Exercise material>
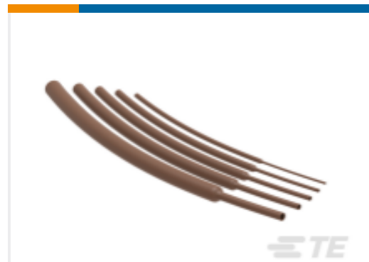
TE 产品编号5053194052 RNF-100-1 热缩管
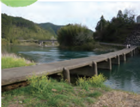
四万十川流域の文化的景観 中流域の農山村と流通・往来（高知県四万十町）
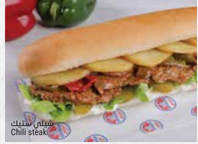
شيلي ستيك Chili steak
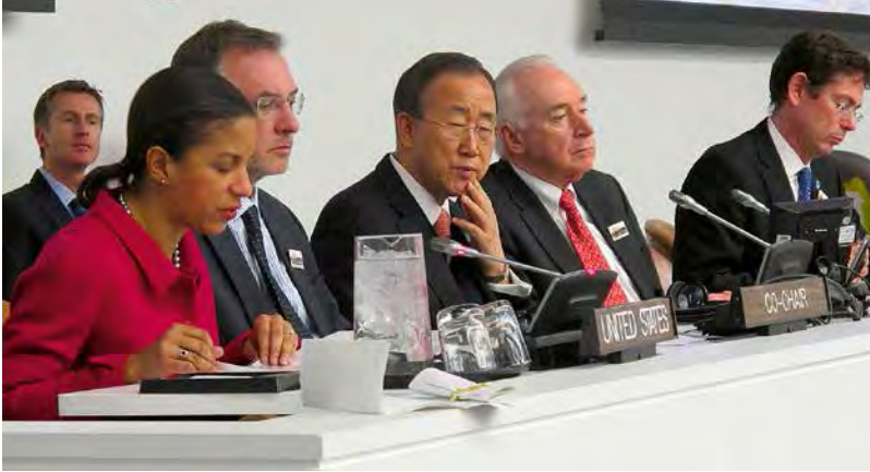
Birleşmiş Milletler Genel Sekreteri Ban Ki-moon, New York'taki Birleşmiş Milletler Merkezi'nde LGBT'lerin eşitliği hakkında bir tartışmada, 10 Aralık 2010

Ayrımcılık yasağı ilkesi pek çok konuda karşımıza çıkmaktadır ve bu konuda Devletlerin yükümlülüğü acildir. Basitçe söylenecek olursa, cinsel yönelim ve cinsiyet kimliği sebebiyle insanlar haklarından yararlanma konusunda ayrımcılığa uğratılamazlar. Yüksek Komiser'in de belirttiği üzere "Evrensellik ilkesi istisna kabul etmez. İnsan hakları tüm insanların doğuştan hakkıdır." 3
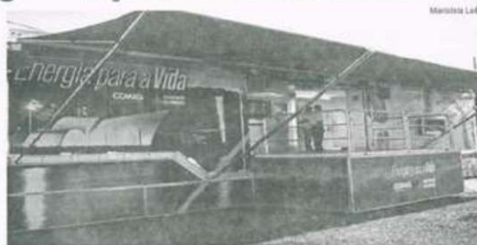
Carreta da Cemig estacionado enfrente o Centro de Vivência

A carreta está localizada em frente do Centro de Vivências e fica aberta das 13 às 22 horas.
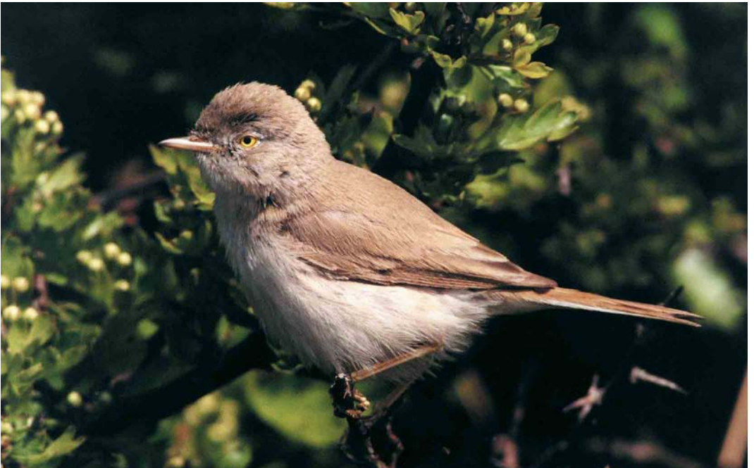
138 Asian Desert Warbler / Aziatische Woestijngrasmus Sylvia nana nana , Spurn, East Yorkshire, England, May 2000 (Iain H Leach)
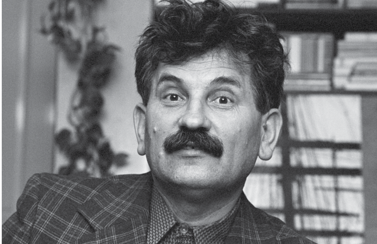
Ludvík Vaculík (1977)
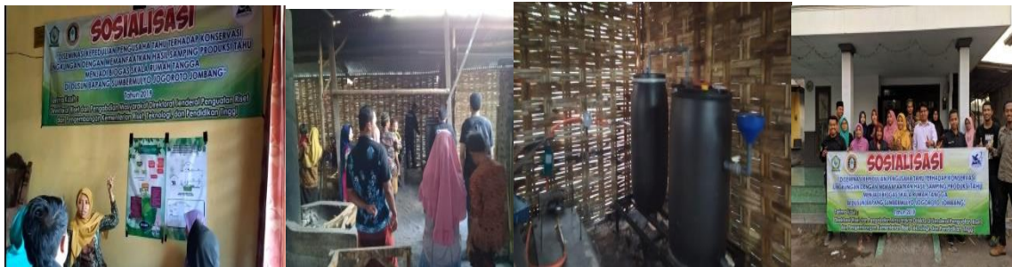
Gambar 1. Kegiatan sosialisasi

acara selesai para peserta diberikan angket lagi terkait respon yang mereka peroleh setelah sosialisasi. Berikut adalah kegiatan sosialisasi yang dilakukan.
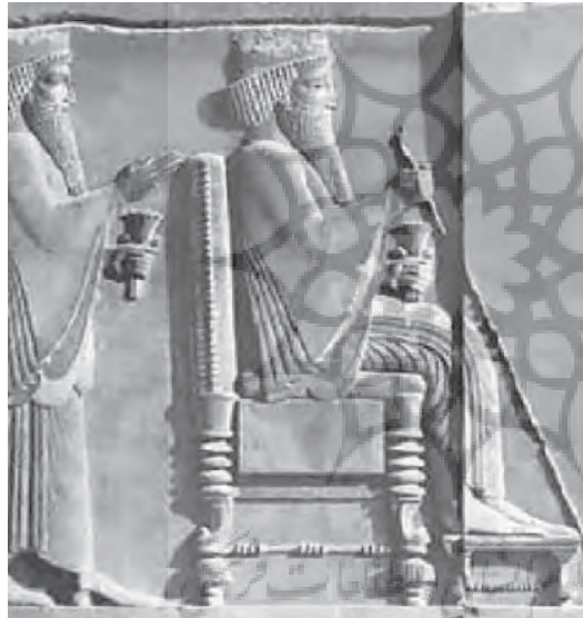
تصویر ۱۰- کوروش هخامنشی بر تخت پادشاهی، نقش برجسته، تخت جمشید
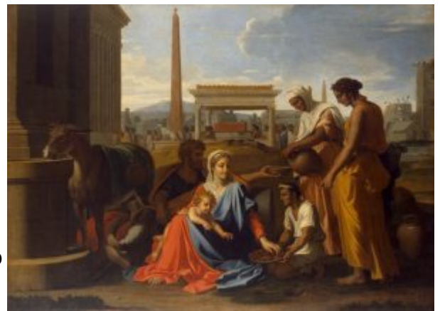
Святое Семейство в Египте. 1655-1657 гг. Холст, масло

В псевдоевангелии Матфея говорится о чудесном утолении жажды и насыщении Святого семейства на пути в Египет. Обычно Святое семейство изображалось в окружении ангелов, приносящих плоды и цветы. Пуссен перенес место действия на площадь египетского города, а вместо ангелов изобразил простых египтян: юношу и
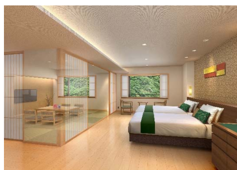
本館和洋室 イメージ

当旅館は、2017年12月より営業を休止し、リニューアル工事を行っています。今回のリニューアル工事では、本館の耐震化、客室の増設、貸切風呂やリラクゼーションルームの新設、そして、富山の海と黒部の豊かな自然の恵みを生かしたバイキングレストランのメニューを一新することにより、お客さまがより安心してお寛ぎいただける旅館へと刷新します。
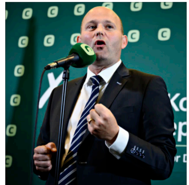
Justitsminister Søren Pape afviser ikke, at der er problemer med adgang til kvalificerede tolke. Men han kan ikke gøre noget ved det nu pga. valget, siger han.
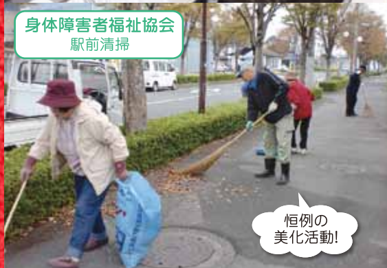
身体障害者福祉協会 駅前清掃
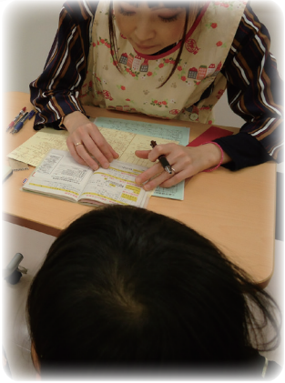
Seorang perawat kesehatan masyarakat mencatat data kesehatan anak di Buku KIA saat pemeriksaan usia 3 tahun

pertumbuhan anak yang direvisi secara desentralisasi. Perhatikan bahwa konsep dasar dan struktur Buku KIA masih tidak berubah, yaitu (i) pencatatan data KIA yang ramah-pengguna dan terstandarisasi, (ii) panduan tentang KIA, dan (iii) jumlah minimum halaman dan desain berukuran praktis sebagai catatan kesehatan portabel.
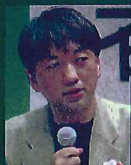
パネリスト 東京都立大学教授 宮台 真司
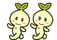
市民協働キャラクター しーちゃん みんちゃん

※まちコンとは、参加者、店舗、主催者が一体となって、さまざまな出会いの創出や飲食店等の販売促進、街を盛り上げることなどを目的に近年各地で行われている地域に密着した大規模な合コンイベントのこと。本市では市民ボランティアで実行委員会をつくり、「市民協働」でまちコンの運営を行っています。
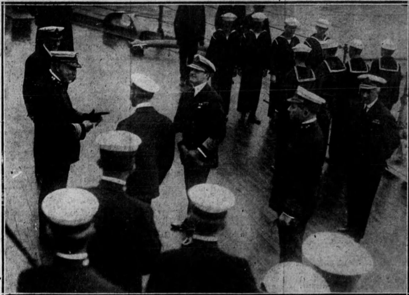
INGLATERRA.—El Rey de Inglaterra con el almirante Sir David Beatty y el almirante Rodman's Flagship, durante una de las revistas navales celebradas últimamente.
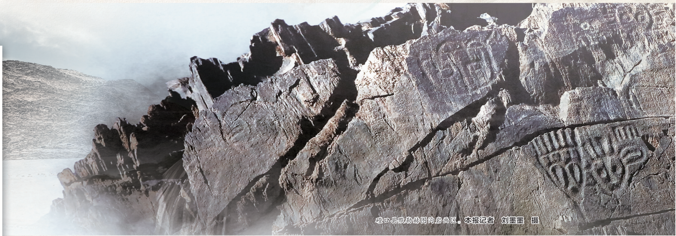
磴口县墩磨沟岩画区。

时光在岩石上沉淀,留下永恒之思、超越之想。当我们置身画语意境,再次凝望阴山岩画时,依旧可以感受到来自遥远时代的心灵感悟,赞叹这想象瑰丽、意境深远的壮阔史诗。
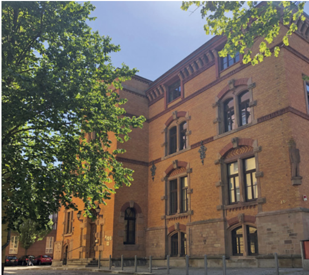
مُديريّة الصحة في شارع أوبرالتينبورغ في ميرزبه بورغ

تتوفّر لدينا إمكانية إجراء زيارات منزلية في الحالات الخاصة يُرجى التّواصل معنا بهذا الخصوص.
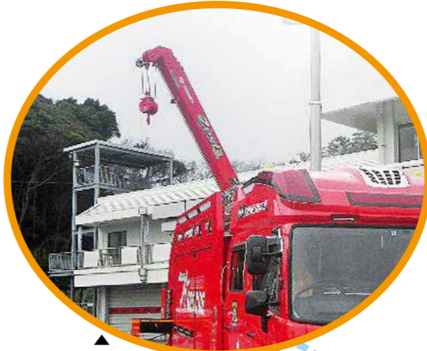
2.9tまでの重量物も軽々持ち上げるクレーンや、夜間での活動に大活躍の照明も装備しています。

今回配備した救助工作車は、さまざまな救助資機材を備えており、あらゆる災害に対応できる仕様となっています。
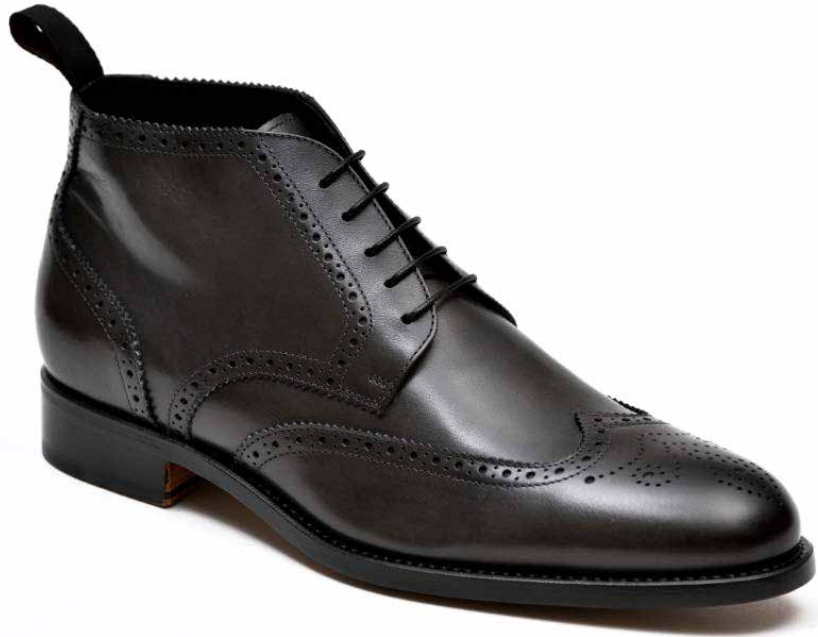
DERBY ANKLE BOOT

Required work>
Everything from the line with "时光在岩石上沉淀,留下永恒之" through the last line above should be reproduced exactly, both ends included; pictures must be omitted.

Solution to the exercise>
时光在岩石上沉淀,留下永恒之思、超越之想。当我们置身画语意境,再次凝望阴山岩画时,依旧可以感受到来自遥远时代的心灵感悟,赞叹这想象瑰丽、意境深远的壮阔史诗。
مُديريّة الصحة في شارع أوبرالتينبورغ في ميرزبه بورغ

تتوفّر لدينا إمكانية إجراء زيارات منزلية في الحالات الخاصة يُرجى التّواصل معنا بهذا الخصوص.
2.9tまでの重量物も軽々持ち上げるクレーンや、夜間での活動に大活躍の照明も装備しています。

今回配備した救助工作車は、さまざまな救助資機材を備えており、あらゆる災害に対応できる仕様となっています。
DERBY ANKLE BOOT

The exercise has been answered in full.